La Roche saw it as a complete team win—11 hits, timely execution, and resilience when momentum slipped away. Finley Hohn's four RBIs powered the offense, Brooke Murgenovich set the tone at the top, and the combination of Taylor Young and Maura Wade locked it down in the circle.

GAME TWO: Mt. Aloysius 10 LRU 7

Mt. Aloysius struck first in the opening inning, but it was the second inning that created the real challenge. A combination of timely hitting and defensive miscues led to a six-run surge. Balls found gaps, pressure mounted, and errors extended innings. By the time the dust settled, La Roche trailed 7–0, with several of those runs unearned. It wasn't a lack of effort—it was a snowball effect that became difficult to stop.

But La Roche didn't fold.

In the third inning, the response came—and it came fast.

Brooke Murgenovich set things in motion, and Maura Wade delivered with an RBI double to get La Roche on the board. That moment sparked belief in the dugout. Finley Hohn followed with an RBI single, then Taylor Young added another to keep the line moving. Suddenly, the pressure flipped. When Ashlee Bair came through with a two-run single, La Roche had turned a blowout into a game, cutting the deficit to 7–5 in one explosive inning.

The energy had completely shifted.

In the fourth, La Roche kept chipping away. Maura Wade came around to score on a wild pitch, tightening the game to one run. Then in the fifth, Ashlee Bair delivered again—this time with an RBI double—tying the game at 7–7. From a seven-run hole to even, La Roche had done the hard part.

They had fought all the way back.

But baseball doesn't always reward momentum.

Mt. Aloysius answered in the bottom of the fifth with a go-ahead run, and despite La Roche's efforts to regain control, defensive struggles resurfaced in the sixth.

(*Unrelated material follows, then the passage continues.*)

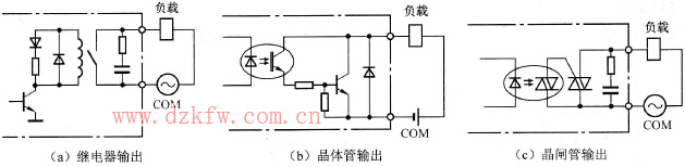 PLC的输出有3种形式:继电器输出、晶体管输出和晶闸管输出。图1-6给出了PLC的3种输出接口电路。

Two more runs crossed—both unearned—stretching the lead to 10–7. In a game where La Roche outhit mistakes but couldn't escape them, those extra chances proved costly.

Offensively, La Roche did its job. The team produced 11 hits, with Maura Wade leading the way with three, while Ashlee Bair drove in three runs and sparked the comeback. Contributions came throughout the lineup, and the fight was undeniable.